In Connolly v. Midredge, 160 Mass. 566 (36 N. E. 469), plaintiff was injured while engaged in putting a new cloth cover on the roller of a steam ironing machine, a work quite similar to that in which plaintiff in this case was engaged. In that case plaintiff was a girl 20 years of age, who had lived on a farm in Ireland until two years previous, when she came to America, and was engaged as a domestic until three or four weeks before she was injured, when sheengaged to work in defendant’s laundry starching articles of clothing. She had never worked on the machine in question until the day she was injured, though she had become familiar with it by observation. Her hand was caught while holding onto the cloth covering as it wrapped around the roller. In deciding the case Justice Holmes, now of the United States Supreme Court, says:
“ The danger to fingers from two cylinders in contact with each other, and seen to be revolving inwardly, is obvious to any person of ordinary powers, and plainly was understood by the plaintiff. Crowley v. Pacific Mills, 148 Mass. 228 [19 N. E. 344]. * * * The plaintiff was putting a cloth upon the cylinder above the*122 guard. She saw, or might have seen, all the elements of danger, including the distance between the guard and the cylinder on that side. To appreciate them required no warning or instruction beyond what is furnished by common experience.”
In the case at bar the conditions were open to observation and known to plaintiff.
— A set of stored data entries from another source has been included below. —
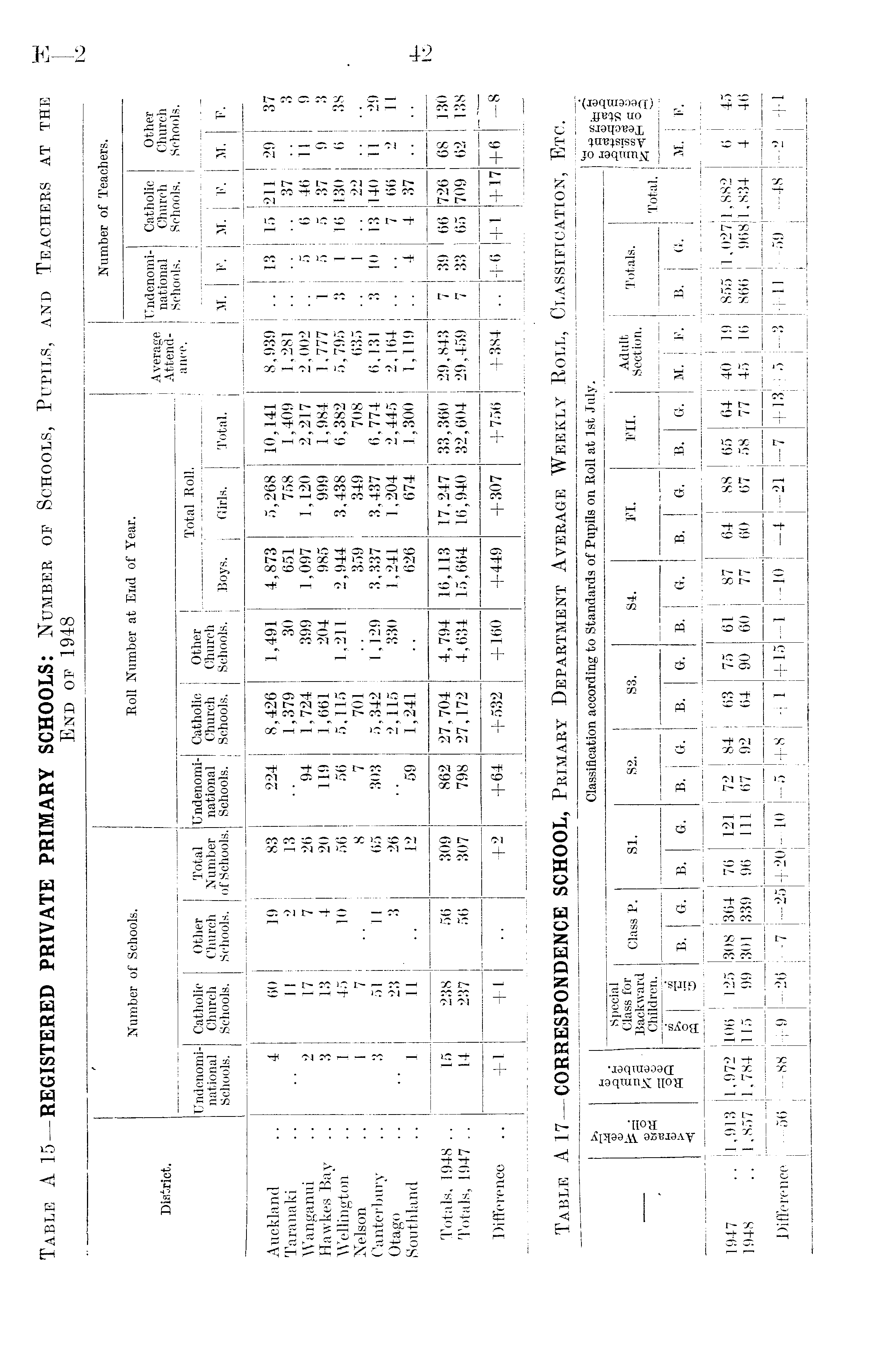 Table A15—REGISTERED PRIVATE PRIMARY SCHOOLS: Number of Schools, Pupils, and Teachers at the End of 1948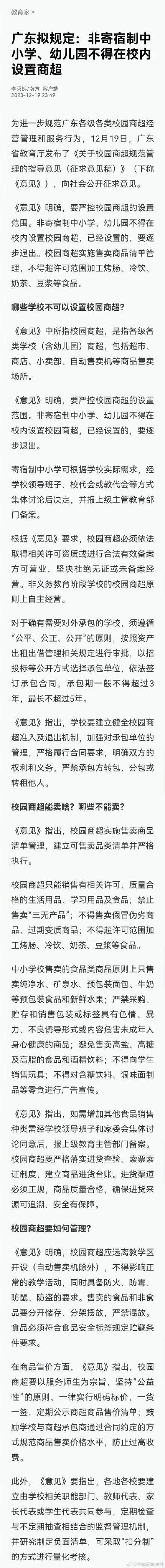 原標題:廣東擬規定非寄宿制中小學校內不得設商超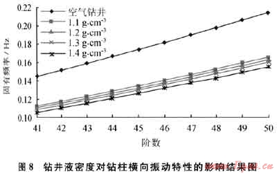 由于鉆井液的存在,鉆柱在進行軸向運動的時候,受到鉆井液的黏滯作用。根據(jù)鉆井液的流變特性,其密度越高,黏度越大,對鉆柱軸向運動的阻礙作用越明顯??梢?,鉆井液會對鉆柱縱向振動的固有頻率產(chǎn)生很大影響,改變縱向振動的臨界轉(zhuǎn)速,這種影響必須引起足夠的重視。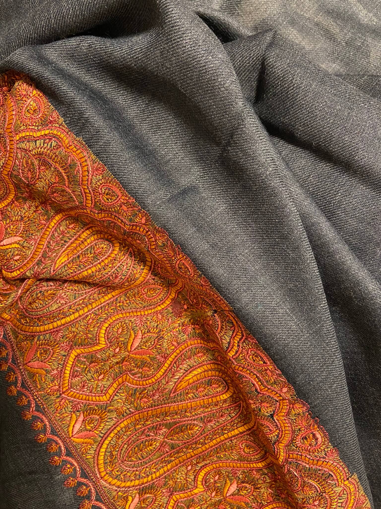 BLACK shawl with red/orange embroidery in paisley design.Β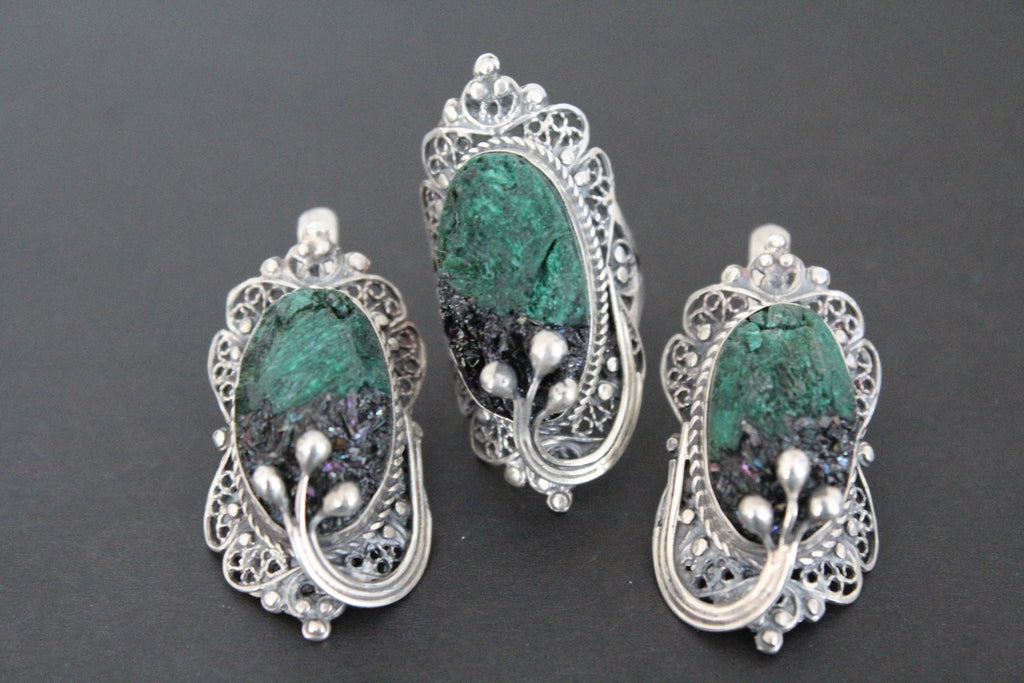 Expertly handcrafted in Armenia, this stunning Natural Malachite Ring showcases exquisite vintage style. Made with high-quality STERLING SILVER 925, this unique piece of jewelry is available in all sizes. Elevate your style and add a touch of elegance with this beautifully crafted, one-of-a-kind ring from our collection on Etsy.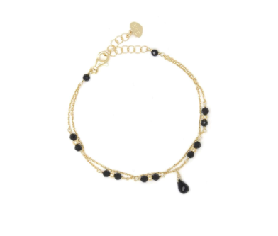 Bracciale in argento 925 placcato oro 23kt con pietre di spinello disposte in doppio filo a gruppi di due, arricchito da una raffinata goccia di spinello al centro. Perfetto per un tocco di eleganza e luminosità, abbinalo a un outfit semplice per far risplendere i dettagli. Lunghezza: 16 cm + 3 cm di allungo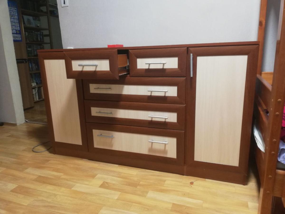 Хороший комод, собирается легко. Ящики выдвигаются плавно, пользуемся 2 месяца, всё устраивает. И по качеству и по дизайну всё ок! Изготовили в срок, как и договаривались, с доставкой тоже не подвели. Вообще фирма нравится, не первый раз заказываем здесь мебель.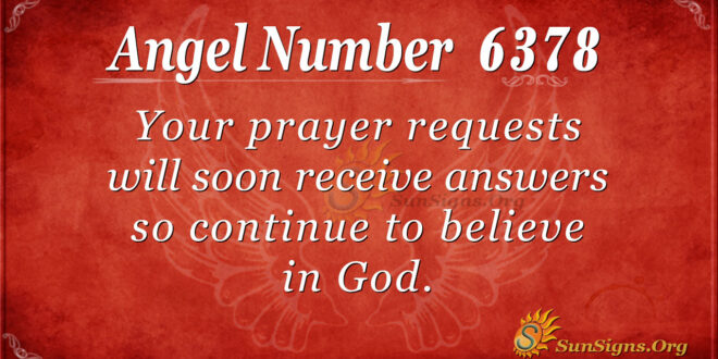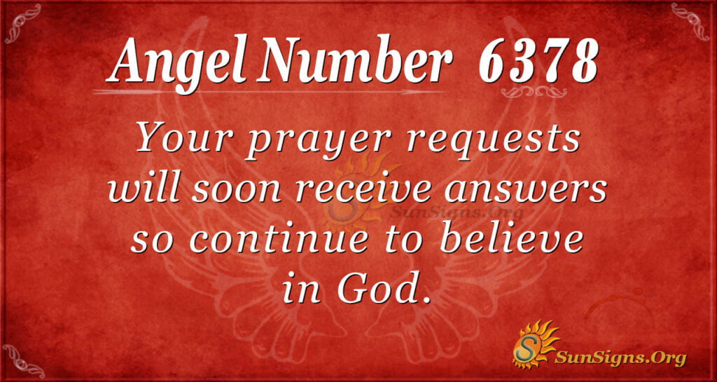 Angel number 6378 symbolizes faith and spiritual enlightenment. When you follow 6378’s meaning, your life will be more meaningful. Besides, your prayer requests will soon receive answers.

There was nothing out of repair or concealed. Cutting the bags and leaving loose threads, contrary to his usual custom, was his own doing, if such was done. Whatever additional danger there was of his fingers being entangled in those threads and drawn into the rollers was obviously incident to the work, was caused by himself, and a risk assumed by him.
The case is reversed, and no new trial ordered.